Task goal: Images don't belong in the copy. Output the rest of the data exactly.

Given material:

○ ○ ○ ○

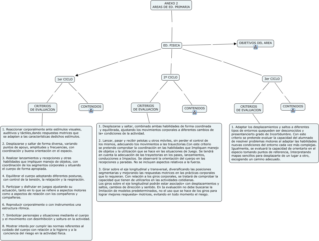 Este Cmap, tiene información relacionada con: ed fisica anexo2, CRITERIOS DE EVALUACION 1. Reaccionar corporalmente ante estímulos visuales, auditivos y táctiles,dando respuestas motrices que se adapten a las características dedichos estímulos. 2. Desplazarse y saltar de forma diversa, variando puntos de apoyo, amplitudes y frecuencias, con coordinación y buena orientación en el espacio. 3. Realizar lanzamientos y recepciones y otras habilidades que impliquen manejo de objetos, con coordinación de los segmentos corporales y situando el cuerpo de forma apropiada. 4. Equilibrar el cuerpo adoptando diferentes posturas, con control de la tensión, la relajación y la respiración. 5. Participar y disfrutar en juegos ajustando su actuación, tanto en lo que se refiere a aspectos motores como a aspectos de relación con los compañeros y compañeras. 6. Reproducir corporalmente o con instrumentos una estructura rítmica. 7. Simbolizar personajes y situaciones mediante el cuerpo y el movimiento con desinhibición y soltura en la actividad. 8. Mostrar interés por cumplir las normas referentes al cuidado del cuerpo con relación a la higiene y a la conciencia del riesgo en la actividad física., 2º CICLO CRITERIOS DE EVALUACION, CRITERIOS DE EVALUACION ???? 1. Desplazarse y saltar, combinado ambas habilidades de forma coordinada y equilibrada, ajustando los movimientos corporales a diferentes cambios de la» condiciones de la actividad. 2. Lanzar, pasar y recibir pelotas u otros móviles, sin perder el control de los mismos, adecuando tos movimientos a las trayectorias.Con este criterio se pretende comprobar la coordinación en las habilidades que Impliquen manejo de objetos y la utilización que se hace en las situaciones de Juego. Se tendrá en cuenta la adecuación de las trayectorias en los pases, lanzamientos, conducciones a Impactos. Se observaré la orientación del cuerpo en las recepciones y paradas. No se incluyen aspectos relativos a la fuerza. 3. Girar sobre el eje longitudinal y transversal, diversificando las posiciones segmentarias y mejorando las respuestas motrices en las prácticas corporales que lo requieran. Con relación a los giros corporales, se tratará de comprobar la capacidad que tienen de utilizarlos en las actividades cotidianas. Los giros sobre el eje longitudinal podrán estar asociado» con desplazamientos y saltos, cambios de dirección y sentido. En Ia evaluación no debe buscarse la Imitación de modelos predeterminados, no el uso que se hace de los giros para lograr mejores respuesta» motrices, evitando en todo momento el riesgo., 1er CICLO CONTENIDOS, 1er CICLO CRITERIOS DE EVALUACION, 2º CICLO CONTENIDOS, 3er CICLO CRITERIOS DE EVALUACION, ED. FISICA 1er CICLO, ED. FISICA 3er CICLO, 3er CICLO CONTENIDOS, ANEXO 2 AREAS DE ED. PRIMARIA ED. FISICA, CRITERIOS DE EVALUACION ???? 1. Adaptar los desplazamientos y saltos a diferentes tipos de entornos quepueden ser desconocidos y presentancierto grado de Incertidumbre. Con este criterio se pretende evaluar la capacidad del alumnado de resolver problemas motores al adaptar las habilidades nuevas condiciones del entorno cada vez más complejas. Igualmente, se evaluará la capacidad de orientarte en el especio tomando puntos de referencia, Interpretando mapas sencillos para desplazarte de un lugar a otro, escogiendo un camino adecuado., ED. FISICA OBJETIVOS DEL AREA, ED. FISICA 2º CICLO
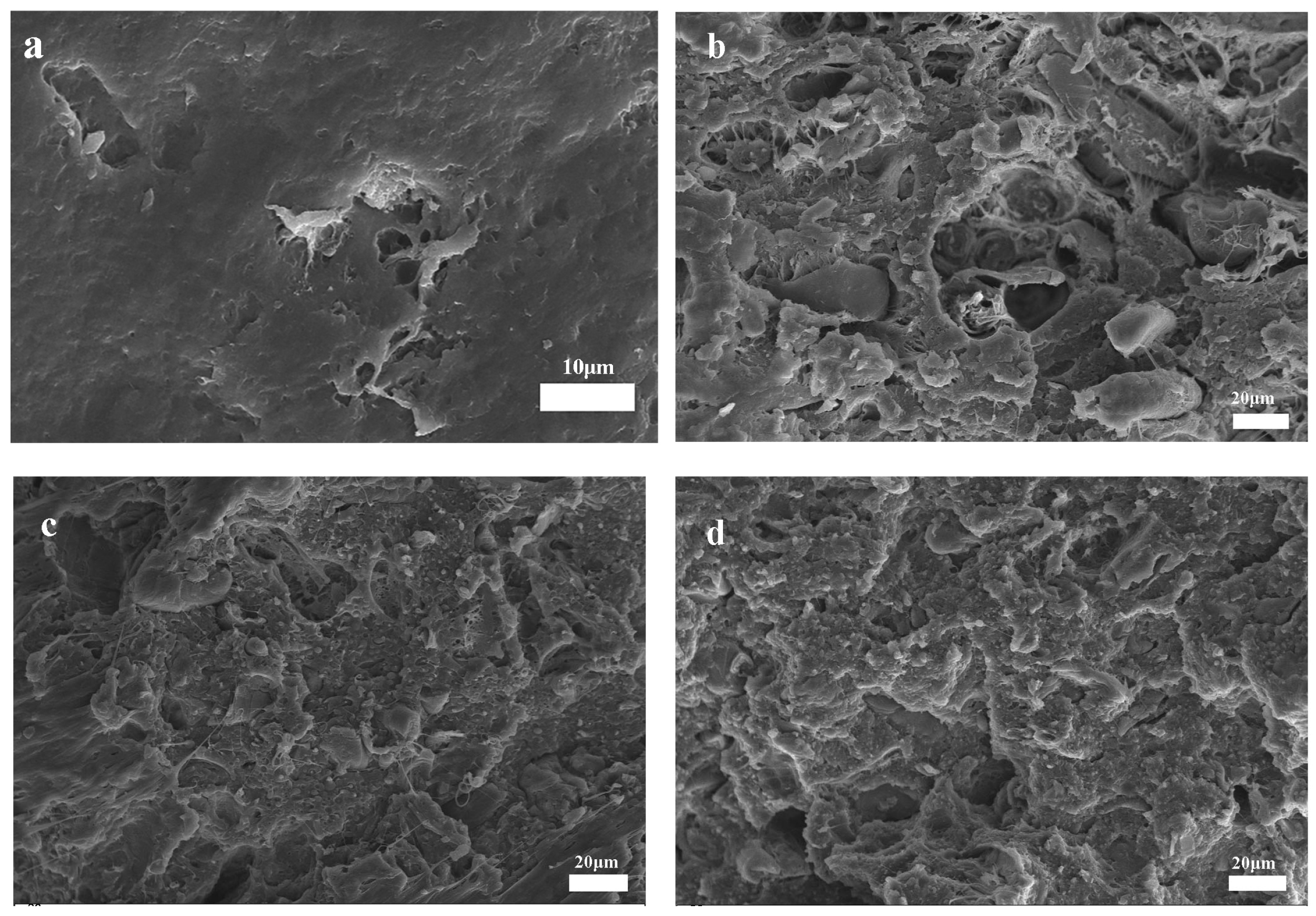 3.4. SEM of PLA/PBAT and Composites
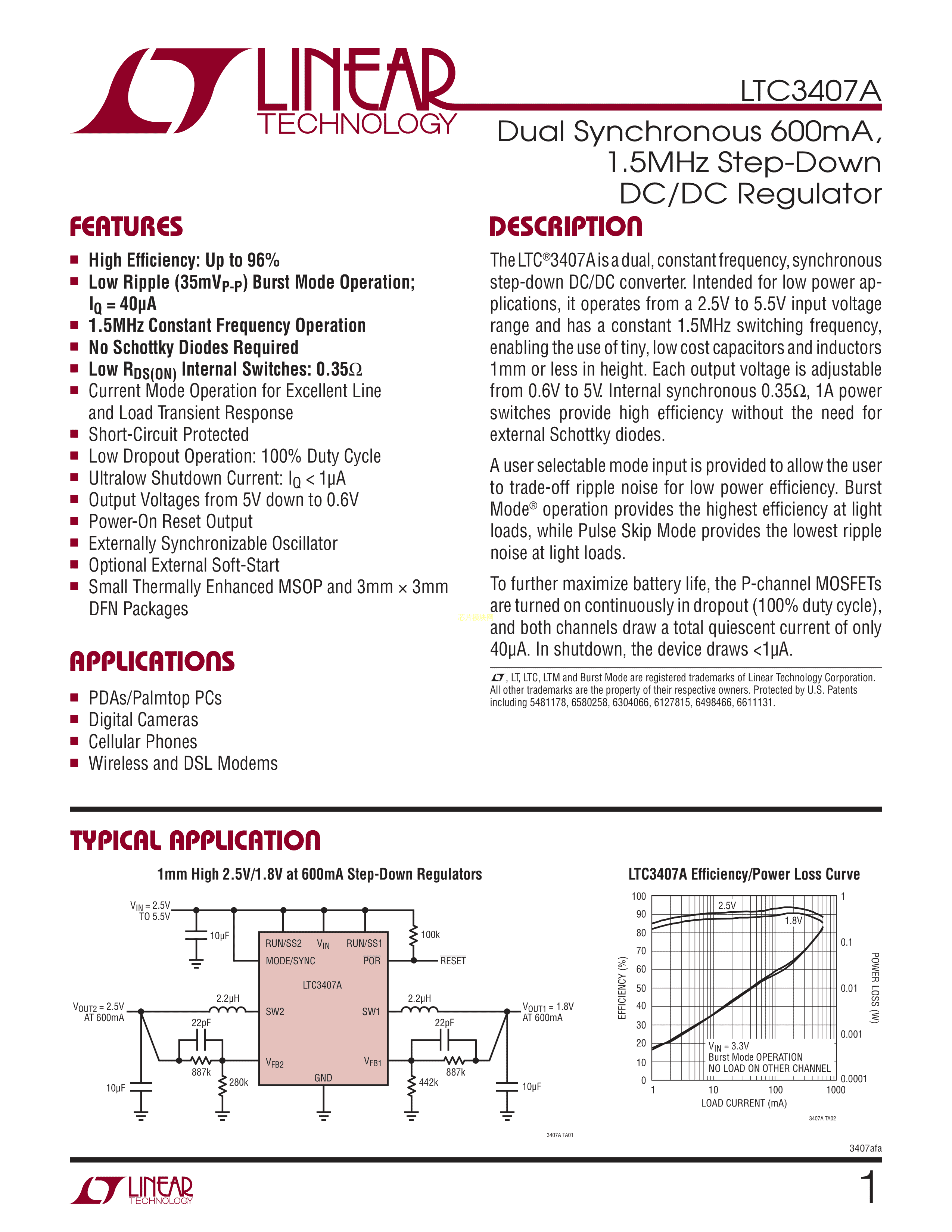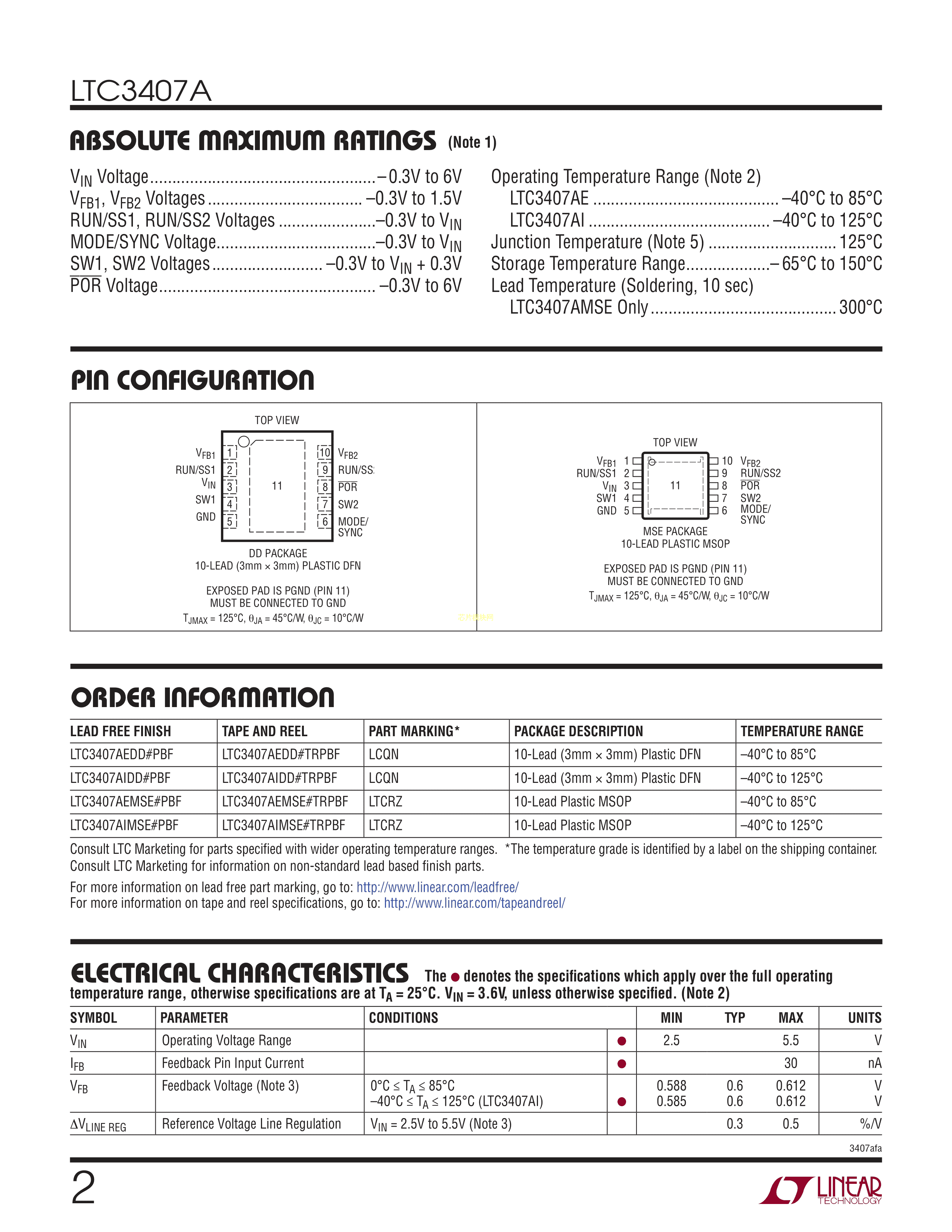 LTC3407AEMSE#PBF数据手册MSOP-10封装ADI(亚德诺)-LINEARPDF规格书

○ ○ ○ ○

Written solution:
 Este Cmap, tiene información relacionada con: ed fisica anexo2, CRITERIOS DE EVALUACION 1. Reaccionar corporalmente ante estímulos visuales, auditivos y táctiles,dando respuestas motrices que se adapten a las características dedichos estímulos. 2. Desplazarse y saltar de forma diversa, variando puntos de apoyo, amplitudes y frecuencias, con coordinación y buena orientación en el espacio. 3. Realizar lanzamientos y recepciones y otras habilidades que impliquen manejo de objetos, con coordinación de los segmentos corporales y situando el cuerpo de forma apropiada. 4. Equilibrar el cuerpo adoptando diferentes posturas, con control de la tensión, la relajación y la respiración. 5. Participar y disfrutar en juegos ajustando su actuación, tanto en lo que se refiere a aspectos motores como a aspectos de relación con los compañeros y compañeras. 6. Reproducir corporalmente o con instrumentos una estructura rítmica. 7. Simbolizar personajes y situaciones mediante el cuerpo y el movimiento con desinhibición y soltura en la actividad. 8. Mostrar interés por cumplir las normas referentes al cuidado del cuerpo con relación a la higiene y a la conciencia del riesgo en la actividad física., 2º CICLO CRITERIOS DE EVALUACION, CRITERIOS DE EVALUACION ???? 1. Desplazarse y saltar, combinado ambas habilidades de forma coordinada y equilibrada, ajustando los movimientos corporales a diferentes cambios de la» condiciones de la actividad. 2. Lanzar, pasar y recibir pelotas u otros móviles, sin perder el control de los mismos, adecuando tos movimientos a las trayectorias.Con este criterio se pretende comprobar la coordinación en las habilidades que Impliquen manejo de objetos y la utilización que se hace en las situaciones de Juego. Se tendrá en cuenta la adecuación de las trayectorias en los pases, lanzamientos, conducciones a Impactos. Se observaré la orientación del cuerpo en las recepciones y paradas. No se incluyen aspectos relativos a la fuerza. 3. Girar sobre el eje longitudinal y transversal, diversificando las posiciones segmentarias y mejorando las respuestas motrices en las prácticas corporales que lo requieran. Con relación a los giros corporales, se tratará de comprobar la capacidad que tienen de utilizarlos en las actividades cotidianas. Los giros sobre el eje longitudinal podrán estar asociado» con desplazamientos y saltos, cambios de dirección y sentido. En Ia evaluación no debe buscarse la Imitación de modelos predeterminados, no el uso que se hace de los giros para lograr mejores respuesta» motrices, evitando en todo momento el riesgo., 1er CICLO CONTENIDOS, 1er CICLO CRITERIOS DE EVALUACION, 2º CICLO CONTENIDOS, 3er CICLO CRITERIOS DE EVALUACION, ED. FISICA 1er CICLO, ED. FISICA 3er CICLO, 3er CICLO CONTENIDOS, ANEXO 2 AREAS DE ED. PRIMARIA ED. FISICA, CRITERIOS DE EVALUACION ???? 1. Adaptar los desplazamientos y saltos a diferentes tipos de entornos quepueden ser desconocidos y presentancierto grado de Incertidumbre. Con este criterio se pretende evaluar la capacidad del alumnado de resolver problemas motores al adaptar las habilidades nuevas condiciones del entorno cada vez más complejas. Igualmente, se evaluará la capacidad de orientarte en el especio tomando puntos de referencia, Interpretando mapas sencillos para desplazarte de un lugar a otro, escogiendo un camino adecuado., ED. FISICA OBJETIVOS DEL AREA, ED. FISICA 2º CICLO
 3.4. SEM of PLA/PBAT and Composites
 LTC3407AEMSE#PBF数据手册MSOP-10封装ADI(亚德诺)-LINEARPDF规格书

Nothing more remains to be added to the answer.